- Other names: Retained products of conception
- Specialty: Obstetrics and gynaecology

= Retained placenta =

All or part of the placenta remaining in the uterus during the 3rd stage of labor

Retained placenta is a condition in which all or part of the placenta or membranes remain in the uterus during the third stage of labour. Retained placenta can be broadly divided into:
- failed separation of the placenta from the uterine lining
- placenta separated from the uterine lining but retained within the uterus

A retained placenta is commonly a cause of postpartum haemorrhage, both primary and secondary.

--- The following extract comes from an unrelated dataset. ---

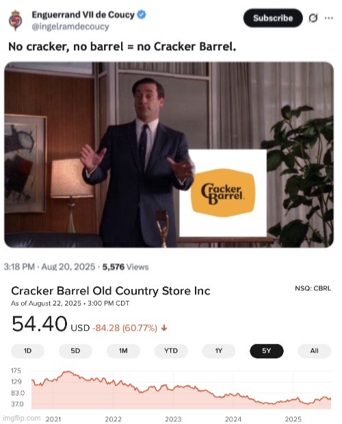 As did Cracker Barrel’s corporate promotion of woke idiocy. Go work, go broke.

Retained placenta is generally defined as a placenta that has not undergone placental expulsion within 30 minutes of the baby's birth, where the third stage of labor has been managed actively.

==Signs and symptoms==
Risks of retained placenta include hemorrhage and infection. After the placenta is delivered, the uterus should contract to close off all the blood vessels inside the uterus. If the placenta only partially separates, the uterus cannot contract properly, so the blood vessels inside will continue to bleed. A retained placenta thereby leads to hemorrhage.

==Management==
Drugs, such as intraumbilical or intravenous oxytocin, are often used in the management of placental retention. It is useful ensuring the bladder is empty. However, ergometrine should not be given as it causes tonic uterine contractions which may delay placental expulsion. Controlled umbilical cord traction has been recommended as a second alternative after more than 30 minutes have passed after stimulation of uterine contractions, provided the uterus is contracted. Manual extraction may be required if cord traction also fails, or if heavy ongoing bleeding occurs. There is currently uncertainty about the effectiveness of anaesthesia or analgesia for manual extraction, in terms of pain and the risk of postpartum haemorrhage. Very rarely, a curettage is necessary to ensure that no remnants of the placenta remain (in rare conditions with very adherent placenta, such as a placenta accreta).

However, in birth centers and attended home birth environments, it is common for licensed care providers to wait for the placenta's birth up to 2 hours in some instances.

==Other animals==
Retention of fetal membranes (afterbirth) is observed more frequently in cattle than in other animals. In a normal condition, a cow's placenta is expelled within 12 hours after calving.